__WORK TASK__
Your copy should repeat the data that follows exactly and contain no image.

__RECORDED DATA__
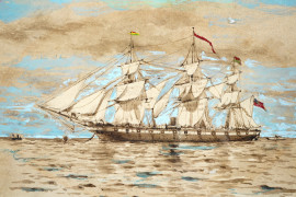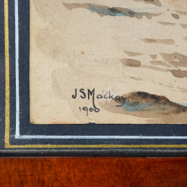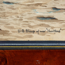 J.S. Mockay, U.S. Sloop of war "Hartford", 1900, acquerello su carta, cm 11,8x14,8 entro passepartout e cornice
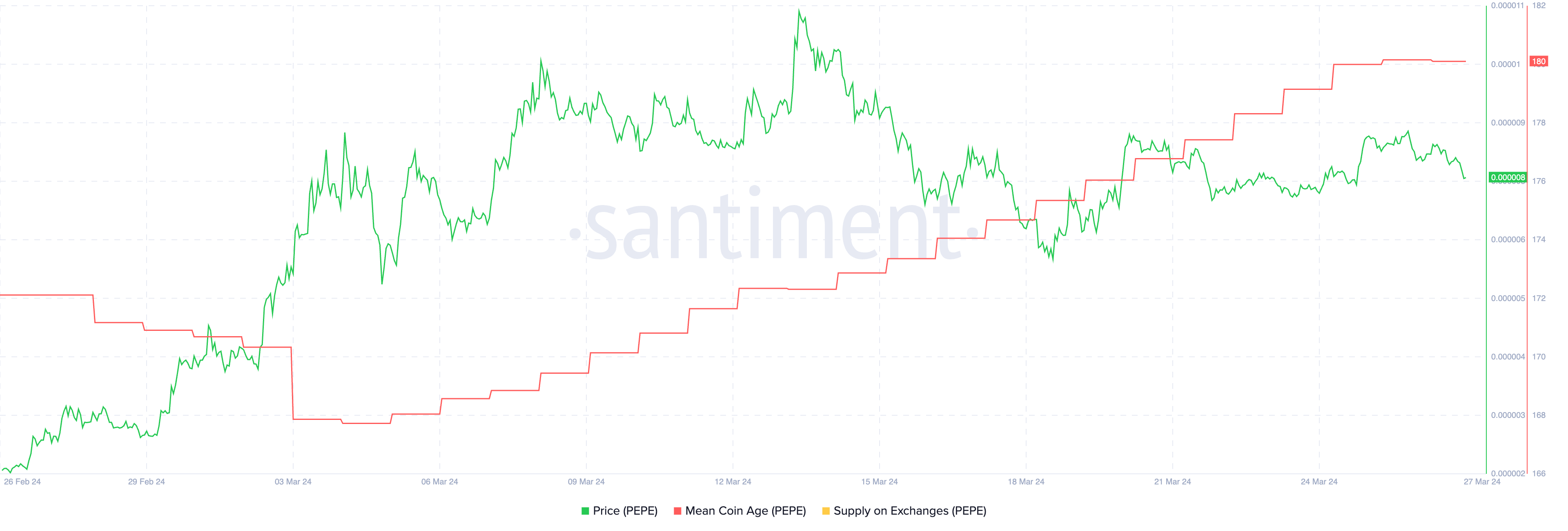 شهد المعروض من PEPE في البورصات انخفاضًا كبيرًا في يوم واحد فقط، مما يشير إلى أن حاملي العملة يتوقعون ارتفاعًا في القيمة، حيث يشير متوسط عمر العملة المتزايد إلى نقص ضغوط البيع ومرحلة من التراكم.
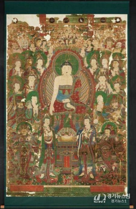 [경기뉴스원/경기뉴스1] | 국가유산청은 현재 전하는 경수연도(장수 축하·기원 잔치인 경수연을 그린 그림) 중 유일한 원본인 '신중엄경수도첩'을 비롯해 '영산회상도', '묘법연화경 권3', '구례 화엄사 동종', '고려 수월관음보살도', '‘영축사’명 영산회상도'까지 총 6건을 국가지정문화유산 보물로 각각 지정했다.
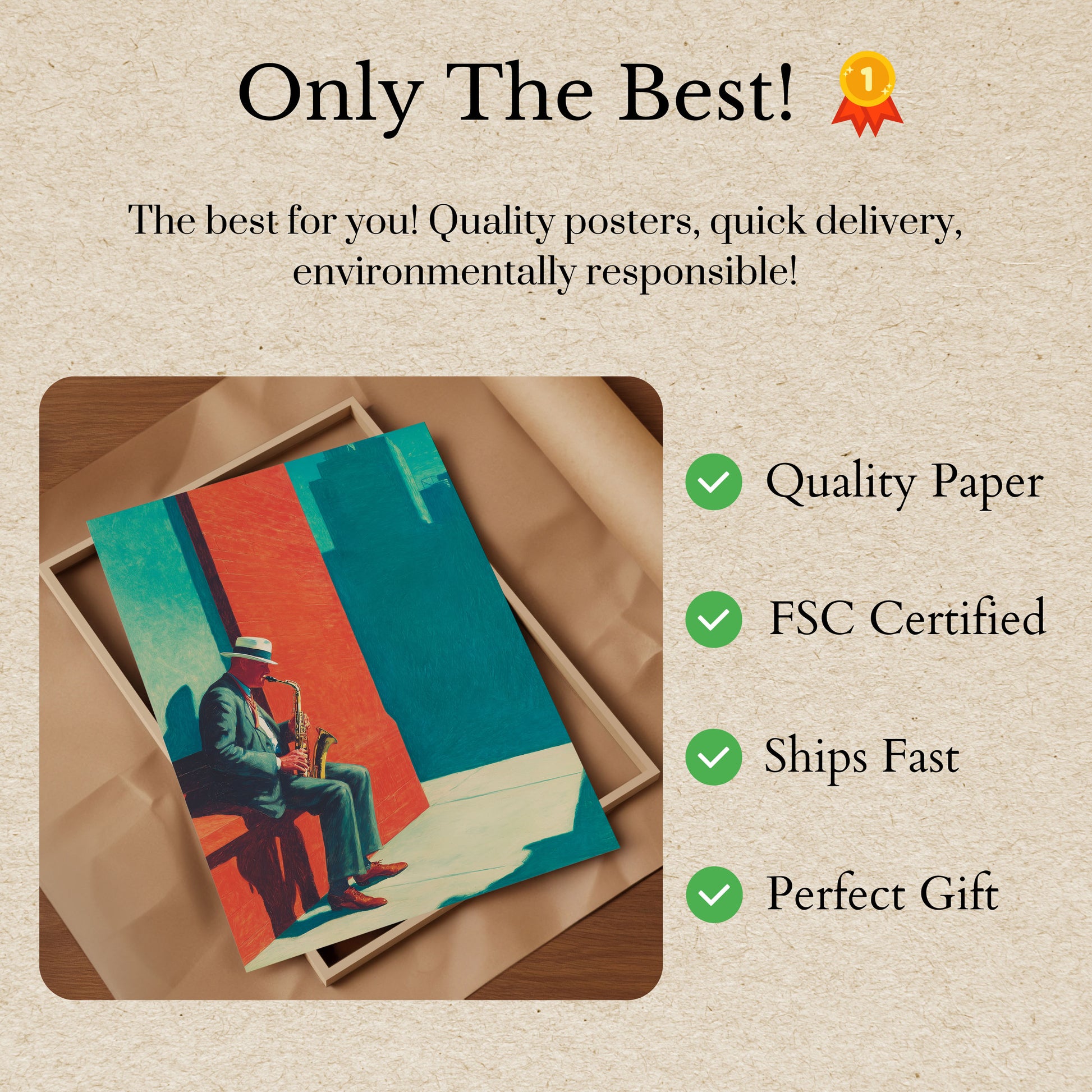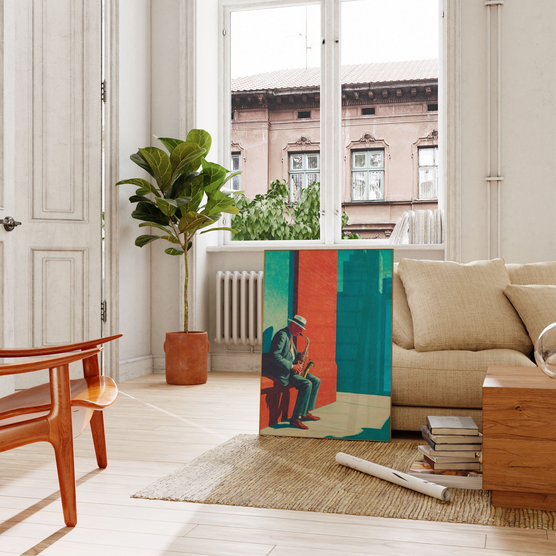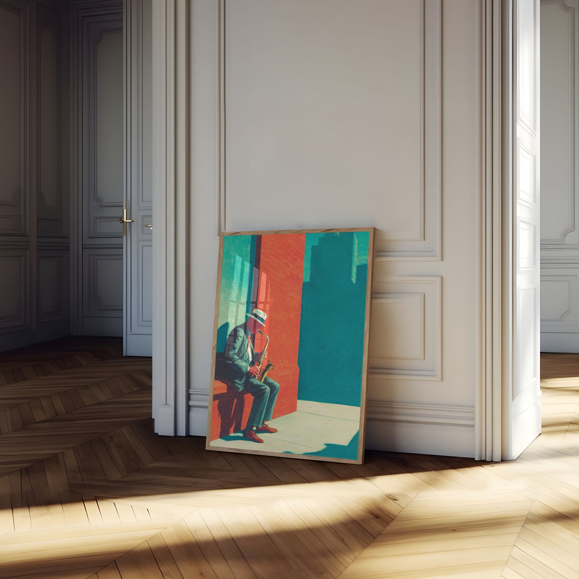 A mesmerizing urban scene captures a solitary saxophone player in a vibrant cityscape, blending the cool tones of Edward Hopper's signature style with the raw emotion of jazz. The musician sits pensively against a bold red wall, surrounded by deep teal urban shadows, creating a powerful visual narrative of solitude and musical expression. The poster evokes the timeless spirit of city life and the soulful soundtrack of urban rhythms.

__TASK OUTPUT__
 J.S. Mockay, U.S. Sloop of war "Hartford", 1900, acquerello su carta, cm 11,8x14,8 entro passepartout e cornice
 شهد المعروض من PEPE في البورصات انخفاضًا كبيرًا في يوم واحد فقط، مما يشير إلى أن حاملي العملة يتوقعون ارتفاعًا في القيمة، حيث يشير متوسط عمر العملة المتزايد إلى نقص ضغوط البيع ومرحلة من التراكم.
 [경기뉴스원/경기뉴스1] | 국가유산청은 현재 전하는 경수연도(장수 축하·기원 잔치인 경수연을 그린 그림) 중 유일한 원본인 '신중엄경수도첩'을 비롯해 '영산회상도', '묘법연화경 권3', '구례 화엄사 동종', '고려 수월관음보살도', '‘영축사’명 영산회상도'까지 총 6건을 국가지정문화유산 보물로 각각 지정했다.
 A mesmerizing urban scene captures a solitary saxophone player in a vibrant cityscape, blending the cool tones of Edward Hopper's signature style with the raw emotion of jazz. The musician sits pensively against a bold red wall, surrounded by deep teal urban shadows, creating a powerful visual narrative of solitude and musical expression. The poster evokes the timeless spirit of city life and the soulful soundtrack of urban rhythms.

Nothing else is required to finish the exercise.